Estimate sill from the variance (semivariance at distance 0).

min_sillfloat, default = 0.5

The minimal fraction of the variogram variance at lag 0 to find partial sill, 0 <= min_sill <= max_sill.

max_sillfloat, default = 2

The maximum fraction of the variogram variance at lag 0 to find partial sill.

number_of_sillsint, default = 16

How many equally spaced sill values are tested between min_sill and max_sill.

directionfloat, in range [0, 360], default=None

The direction of a semivariogram. If None given then semivariogram is isotropic. This parameter is required if passed experimental variogram is stored in a numpy array.

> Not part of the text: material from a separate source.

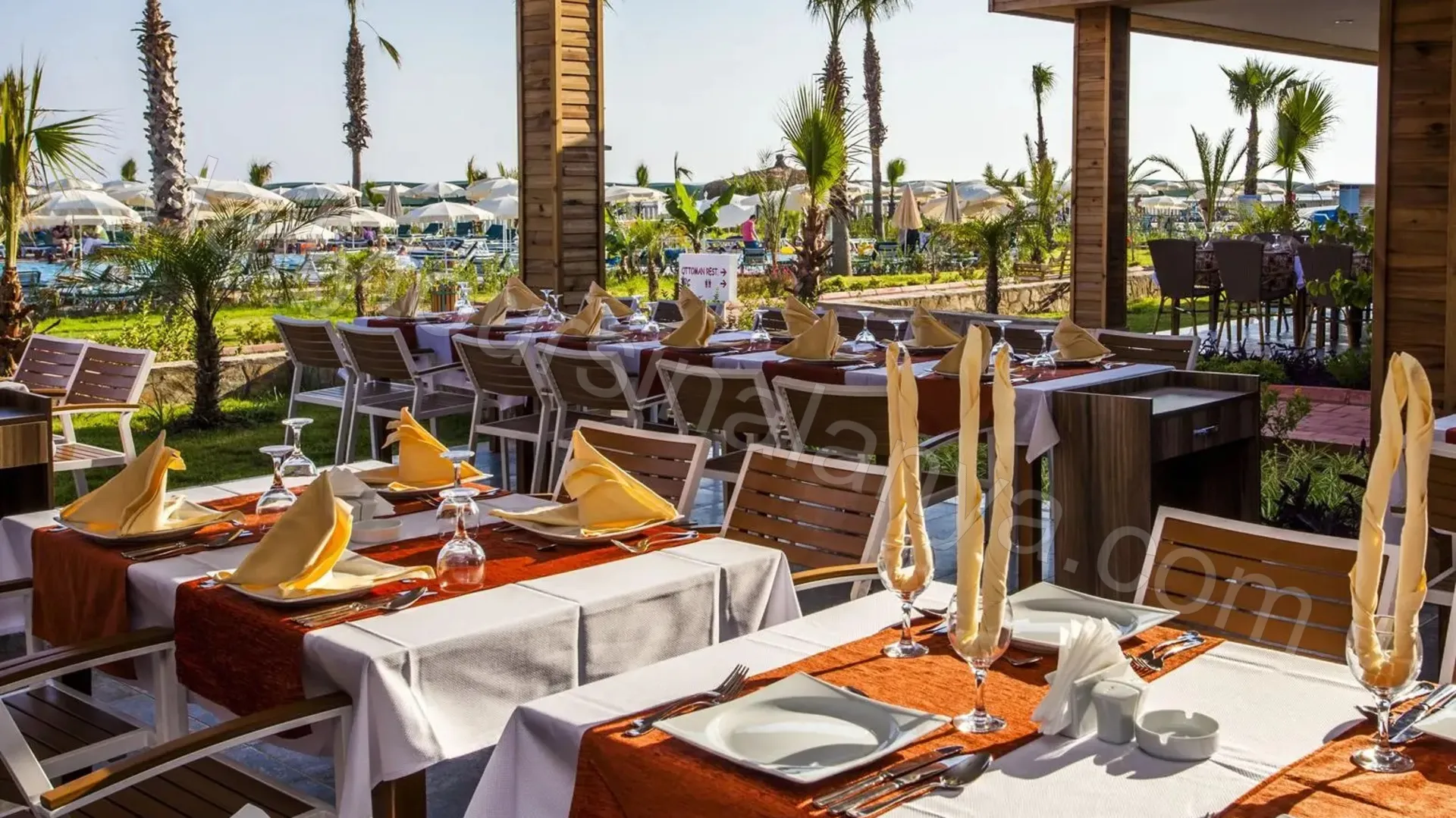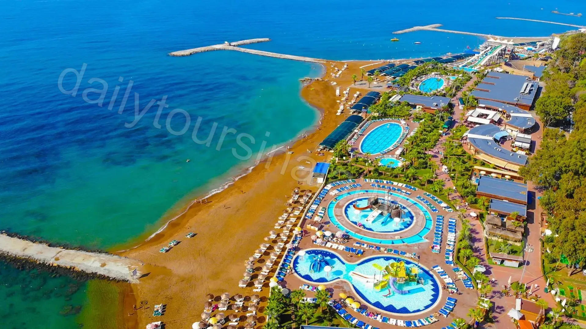 | Ingår | Försäkring, tur och retur transfer, inträdesbiljett till waterpark, obegränsade alkoholfria drycker, obegränsat med öl och vin, obegränsade bufférestauranger |

error_estimatorstr, default = ‘rmse’

A model error estimation method. Available options are:

  • ‘rmse’: Root Mean Squared Error,

  • ‘mae’: Mean Absolute Error,

  • ‘bias’: Forecast Bias,

  • ‘smape’: Symmetric Mean Absolute Percentage Error.

deviation_weightingstr, default = “equal”

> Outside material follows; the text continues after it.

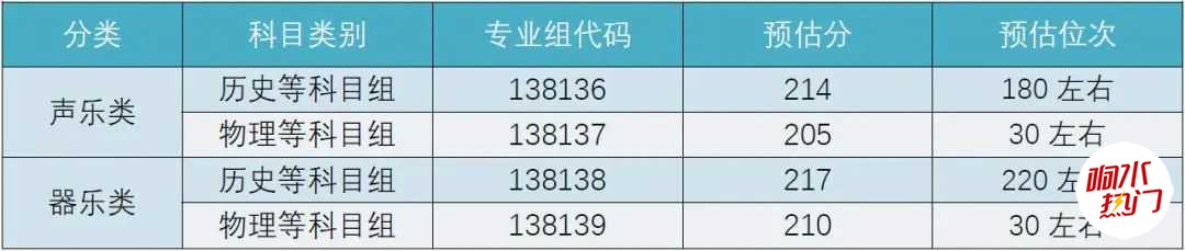 音乐类: 历史类声乐 350 名、206分左右,器乐 500 名、202分左右。物理类声乐40名、204分左右,器乐50名、200分左右报考。

The name of the method used to weight error at a given lags. Works only with RMSE. Available methods:

  • equal: no weighting,

  • closest: lags at a close range have bigger weights,

  • distant: lags that are further away have bigger weights,

  • dense: error is weighted by the number of point pairs within lag.

show(subplots: bool = False)[source]

Method plots experimental and theoretical variograms.

Parameters:
subplotsbool, default = False

If True then each indicator variogram is plotted on a separate plot. Otherwise, all variograms are plotted on a single plot.